You want to be good at Footy? Be competitive for a few hours. Basketball? 60 minutes.

But if you want to be an elite Cricketer you need to be able to grid out a 250-ball century in a test on a challenging, turning wicket a week before you smoke one off 55 balls in a T20 on a wicket harder than the road to the stadium.

It’s the same with car racing.

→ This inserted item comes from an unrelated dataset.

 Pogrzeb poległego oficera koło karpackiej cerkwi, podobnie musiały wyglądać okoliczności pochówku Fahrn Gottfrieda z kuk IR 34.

The great drivers are great because they can bash out 50 laps in a row within a few tenths of each other in the same way they can deliver a Shootout performance that leaves people breathless – or change disciplines entirely and race on dirt.

PHOTO: Andrew Hall

If a Supercars round is a one-dayer and a night at the Speedway is a Big Bash game, then surely the Bathurst 12 Hour or the Le Mans 24 is a Test Match, filled with all the plot twists and turning narrative that only something of a longer form can offer.

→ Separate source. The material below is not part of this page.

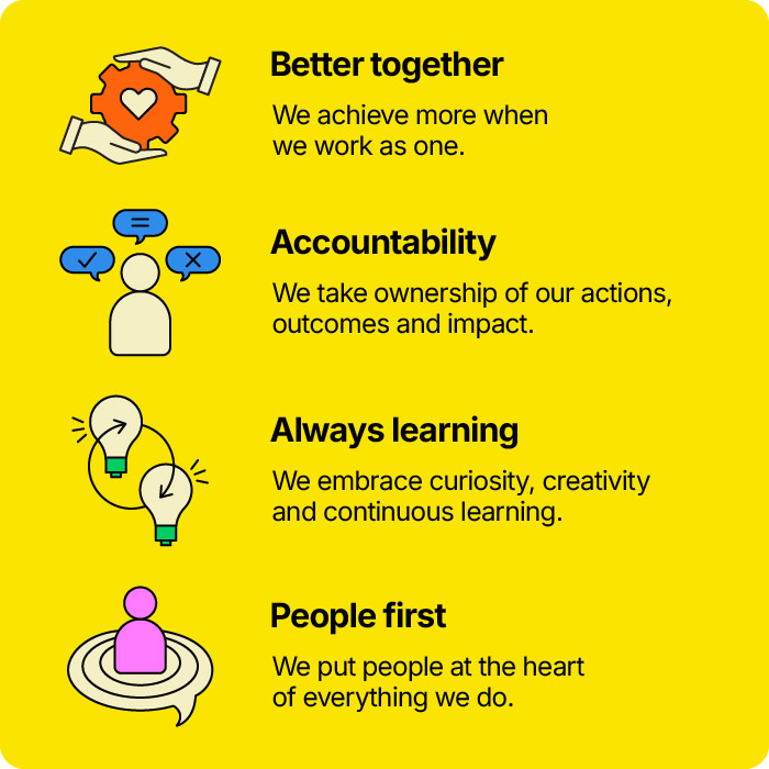 Our values are what we stand for - the set of core beliefs that guide how we operate and act as both an organisation and as individuals. USU’s staff have identified the behaviours that are important to us and what we aspire to be known for externally.

Much like Test cricket and despite all the changing conditions that I mentioned earlier, it’s clear that Endurance Racing has held its appeal against the ongoing push for shorter, sharper sprint races and prime-time TV windows.

Whether it’s the influx of manufacturers coming into Sports Car racing’s Le Mans 24 Hour or Rolex 24 at Daytona, or the massive ratings for the Bathurst 1000 or the oversubscribed grid for the Bathurst 6 Hour at Easter, Endurance racing is doing things now, broadly speaking, better than it’s done before.

In the same way that the biggest Cricket Audience of the Summer in Australia will be a five-day game, the largest racing audience of the year is a six-hour race that goes about four and a half hours longer than the next-most watched.

And in America the biggest NASCAR race is the (equal, anyway) longest, the largest IndyCar race is the longest and the most talked-about Sports Car race is.. you guessed it – the longest.

I think the history has something to do with it as well because while the world is gravitating toward short-form content and bite-sized pieces of information, I think its also true that the love of a good story remains true.

In the same way that a Stars v Strikers Big Bash game can’t deliver the kind of backstory as Australia taking on England for the Ashes, the same could be said for a Supercars Sprint at Hidden Valley compared to the Great Race each October.

People still watch the Indy 500 in huge numbers because they know and appreciate that whomever wins it will join an elite group, forged over a century of competition.

Surely, it’s the same as winning a domestic T20 competition compared to winning a Test: Still good, sure – but lacks a certain gravitas compared to the longer game.

Test Match Cricket is special. For most Cricket fans, nothing can match the twists and turns that the longest variation of the game can offer across the contest – quite regularly finishing with something as dramatic and compelling as we saw in Sydney on Sunday.

The same goes for car racing. While there’s been some superb sprint racing over the years, there’s very little that can beat the last-lap pass for the win in a race that lasts for hours and hours, strategies and moments converging to deliver a thrilling final-hour flourish as happens so often these days.

Unlike Test Match Cricket, few people have ever said that Endurance Racing no longer has a role to play in the future of Motorsport.

But like the Tests, it’s clear they remain a hugely important part of our own game.

And if you’ll pardon the pun, long may it be so.